Una cosa però, al di là delle prossime righe, la vorrei aggiungere, ed è un ragionamento sul perché dovremmo giocare manifestazione all’estero, in particolare in Medio Oriente.
Premesso: pensiamo sempre che stiamo parlando di una terra piena di contraddizioni, che fino al 2019 non permetteva l’ingresso e non concedeva il visto, se non per motivi lavorativi o pellegrinaggi religiosi islamici. Oltre ovviamente ad una serie di leggi e costumi che ostacolavano l’autodeterminazione delle donne.
Le cose lì stanno cambiando, e non lo dico sulla scia dell’entusiasmo o di alcune novità che vengono raccontate dai media interni. Anche le nuove generazioni la pensano diversamente e non vedono l’ora di fare ulteriori apertura al mondo occidentale.
Ciò che va considerato a livello sportivo è la grande espansione che questi Paesi del Medio Oriente stanno preparando e mettendo in pratica a grande velocità. In questa parte del mondo si concentrerà una grande fetta del mercato sportivo del futuro, restarne tagliati fuori potrebbe essere un grande errore.
Alcuni Paesi come la Spagna lo hanno già capito e si sono ritagliati il ruolo di partner principale, altri fanno più fatica come l’Inghilterra, altri devono ancora capire come prendere le misure come l’Italia.
L’internazionalizzazione del brand calcio passa soprattutto da zone come queste, inoltre, non è da escludere l’idea del calcio come cavallo di Troia per agevolare l’ingresso nei mercati asiatici di grandi brand nazionali, in quello che sarà un Paese leader nel mercato mondiale come l’Arabia Saudita.

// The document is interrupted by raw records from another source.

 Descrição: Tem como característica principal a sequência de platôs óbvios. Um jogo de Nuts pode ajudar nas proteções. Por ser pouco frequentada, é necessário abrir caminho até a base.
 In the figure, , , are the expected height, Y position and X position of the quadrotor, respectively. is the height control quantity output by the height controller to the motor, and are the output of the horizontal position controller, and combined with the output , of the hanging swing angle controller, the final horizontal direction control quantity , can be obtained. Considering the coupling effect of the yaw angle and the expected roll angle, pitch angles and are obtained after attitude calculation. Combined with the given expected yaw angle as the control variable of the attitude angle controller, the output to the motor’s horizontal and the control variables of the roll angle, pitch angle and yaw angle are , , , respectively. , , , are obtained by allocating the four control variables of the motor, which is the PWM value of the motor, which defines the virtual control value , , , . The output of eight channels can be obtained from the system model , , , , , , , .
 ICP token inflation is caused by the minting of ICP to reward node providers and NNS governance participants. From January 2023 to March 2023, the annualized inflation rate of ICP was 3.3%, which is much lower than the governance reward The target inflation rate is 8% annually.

Chi è stato lì poi, potrà confermare che “gli arabi” sono più aperti che mai e vogliosi di accoglierci, comprendere i nostri costumi.
Detto questo, passiamo al reportage.
Cosa resta della Supercoppa a Riyadh?
Mentre tutta la stampa e le community di calcio italiane si preoccupavano di intasare i feed con foto e discussioni riguardanti l'assenza di pubblico nella prima semifinale di Supercoppa tra Napoli e Fiorentina, un gruppo di 3 tifosi dell’Inter Club umbro Gualdo Tadino iniziava il suo viaggio dall'aeroporto di Roma Fiumicino fino a Dammam, nel pieno deserto, per raggiungere successivamente Riyadh (4 ore e mezza di macchina), e arrivare quasi in tempo per il fischio di inizio di Inter - Lazio.

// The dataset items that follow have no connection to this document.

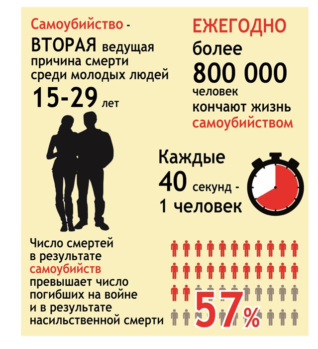 - Существует миф, что самоубийства связаны с социально-экономическими причинами, с неблагополучием, однако это не так, - подчеркнул эксперт. - В благополучных США есть устойчивый рост суицидов, в странах Азии, Африки их количество на уровне статистической погрешности, хотя они значительно беднее.
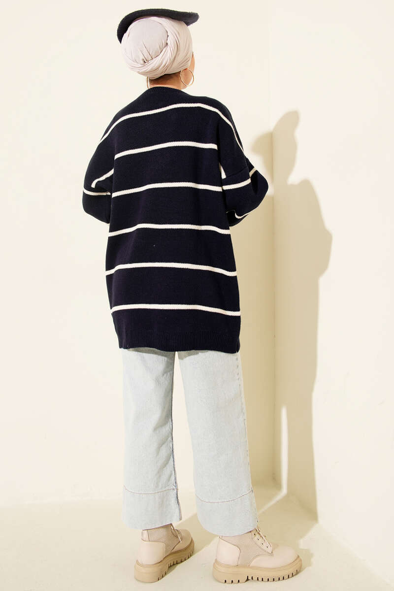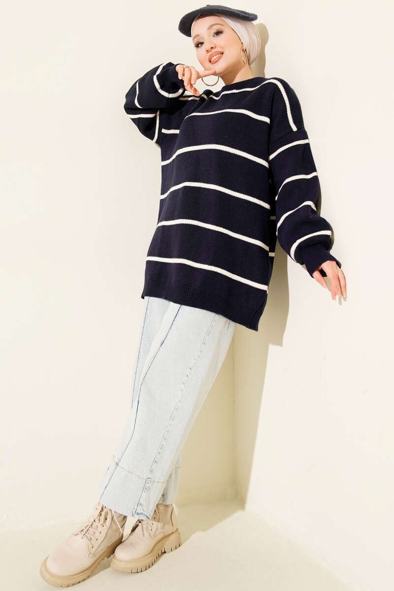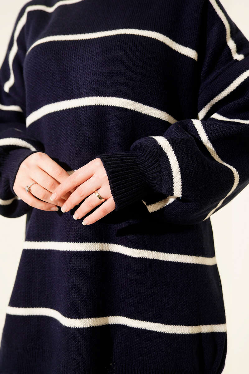 Yatay Çizgili Balon Kol Triko Tunik Lacivert
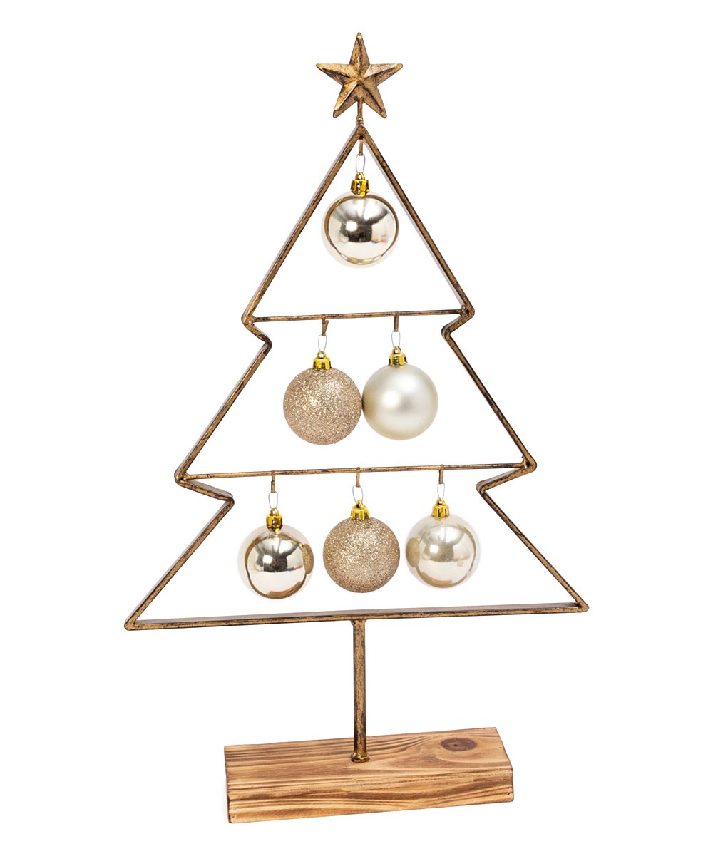 Deck the halls with this miniature tree that features dangling ornament accents. It's perched on a fir wood base for stability and rustic charm.

Si può riassumere così parte della dicotomia creata dalla seconda edizione consecutiva della Supercoppa italiana giocata a Riyadh, la capitale dell'Arabia Saudita.
Da una parte le critiche e le impressioni generate a distanza di chilometri, e dall’altra quei tifosi che i chilometri invece li hanno fatti, per vivere un’esperienza di tifo certamente originale, resa possibile da un accordo di 23 milioni di euro tra Lega Serie A e Sela Sport, l’azienda di marketing proprietà del fondo PIF che ha organizzato la Supercoppa italiana e spagnola con la collaborazione delle rispettive leghe di calcio.

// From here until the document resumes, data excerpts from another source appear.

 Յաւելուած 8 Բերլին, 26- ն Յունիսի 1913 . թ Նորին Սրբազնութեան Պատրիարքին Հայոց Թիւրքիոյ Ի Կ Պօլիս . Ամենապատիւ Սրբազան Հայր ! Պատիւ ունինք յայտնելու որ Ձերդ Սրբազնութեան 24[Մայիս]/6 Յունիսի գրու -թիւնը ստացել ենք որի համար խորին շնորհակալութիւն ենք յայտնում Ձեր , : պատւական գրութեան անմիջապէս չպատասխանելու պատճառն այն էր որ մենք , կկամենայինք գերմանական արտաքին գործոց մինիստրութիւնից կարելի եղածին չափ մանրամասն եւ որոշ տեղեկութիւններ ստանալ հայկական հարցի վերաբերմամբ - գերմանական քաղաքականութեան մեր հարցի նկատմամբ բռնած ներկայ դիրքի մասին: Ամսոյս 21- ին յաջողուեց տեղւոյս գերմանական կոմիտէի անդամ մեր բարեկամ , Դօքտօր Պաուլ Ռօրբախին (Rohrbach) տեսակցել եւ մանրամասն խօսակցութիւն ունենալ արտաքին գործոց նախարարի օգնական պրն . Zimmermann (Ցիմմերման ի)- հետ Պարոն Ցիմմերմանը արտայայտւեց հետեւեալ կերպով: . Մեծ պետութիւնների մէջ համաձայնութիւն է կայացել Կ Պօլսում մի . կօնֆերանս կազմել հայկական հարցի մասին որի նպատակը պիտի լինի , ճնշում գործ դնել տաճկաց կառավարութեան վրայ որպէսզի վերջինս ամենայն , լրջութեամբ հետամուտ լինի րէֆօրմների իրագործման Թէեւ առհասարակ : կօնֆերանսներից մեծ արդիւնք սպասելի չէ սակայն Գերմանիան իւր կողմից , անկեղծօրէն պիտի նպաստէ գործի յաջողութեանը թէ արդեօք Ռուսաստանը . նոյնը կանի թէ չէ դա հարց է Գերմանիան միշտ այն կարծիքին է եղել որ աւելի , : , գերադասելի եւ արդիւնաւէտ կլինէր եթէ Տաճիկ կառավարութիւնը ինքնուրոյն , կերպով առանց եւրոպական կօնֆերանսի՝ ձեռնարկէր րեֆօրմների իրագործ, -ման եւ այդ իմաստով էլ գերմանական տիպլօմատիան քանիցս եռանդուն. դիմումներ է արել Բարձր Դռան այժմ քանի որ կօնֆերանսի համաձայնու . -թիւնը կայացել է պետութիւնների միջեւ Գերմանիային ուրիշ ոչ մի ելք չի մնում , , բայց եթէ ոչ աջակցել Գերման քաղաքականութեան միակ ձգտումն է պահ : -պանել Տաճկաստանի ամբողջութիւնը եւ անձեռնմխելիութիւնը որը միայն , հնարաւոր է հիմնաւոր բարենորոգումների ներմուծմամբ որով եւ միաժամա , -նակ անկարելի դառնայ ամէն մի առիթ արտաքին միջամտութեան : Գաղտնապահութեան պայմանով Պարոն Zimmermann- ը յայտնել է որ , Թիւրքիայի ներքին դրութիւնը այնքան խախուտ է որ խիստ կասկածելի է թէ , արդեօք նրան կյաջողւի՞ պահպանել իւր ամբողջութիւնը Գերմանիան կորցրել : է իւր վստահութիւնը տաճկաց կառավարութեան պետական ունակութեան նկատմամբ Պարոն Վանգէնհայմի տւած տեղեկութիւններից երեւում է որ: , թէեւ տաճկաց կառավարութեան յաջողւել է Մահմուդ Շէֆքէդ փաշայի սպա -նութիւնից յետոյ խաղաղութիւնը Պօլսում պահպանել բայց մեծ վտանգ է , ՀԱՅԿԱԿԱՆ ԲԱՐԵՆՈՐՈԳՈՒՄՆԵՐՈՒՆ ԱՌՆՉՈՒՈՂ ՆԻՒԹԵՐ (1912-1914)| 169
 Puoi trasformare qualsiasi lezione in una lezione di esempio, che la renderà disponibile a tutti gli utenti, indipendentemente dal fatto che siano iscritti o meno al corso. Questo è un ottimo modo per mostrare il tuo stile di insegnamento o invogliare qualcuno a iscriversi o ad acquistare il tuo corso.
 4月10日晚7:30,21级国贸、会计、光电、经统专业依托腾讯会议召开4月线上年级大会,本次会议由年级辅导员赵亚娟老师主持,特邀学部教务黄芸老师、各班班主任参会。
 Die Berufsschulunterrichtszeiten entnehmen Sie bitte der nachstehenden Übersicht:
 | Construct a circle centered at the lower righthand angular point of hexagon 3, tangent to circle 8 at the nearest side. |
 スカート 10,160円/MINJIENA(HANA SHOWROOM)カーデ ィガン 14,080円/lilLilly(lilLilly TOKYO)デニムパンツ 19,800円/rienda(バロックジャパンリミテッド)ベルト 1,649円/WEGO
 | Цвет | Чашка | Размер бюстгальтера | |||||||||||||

"L'anno scorso c'era la curiosità di scoprire come era vedere la propria squadra giocare qui.
Ci siamo trovati bene e abbiamo apprezzato i loro modi tanto da ritornare. Qui c’è gente che ti ringrazia per essere venuto qui. Su alcuni dettagli però, abbiamo trovato un peggioramento, come nella concessione dei visti. Una pratica che ci ha impegnato non poco tempo anche per via della lentezza degli impiegati arabi.
La prima partita poi, siamo entrati solo al 30’ per colpa del traffico e la difficoltà a trovare parcheggio".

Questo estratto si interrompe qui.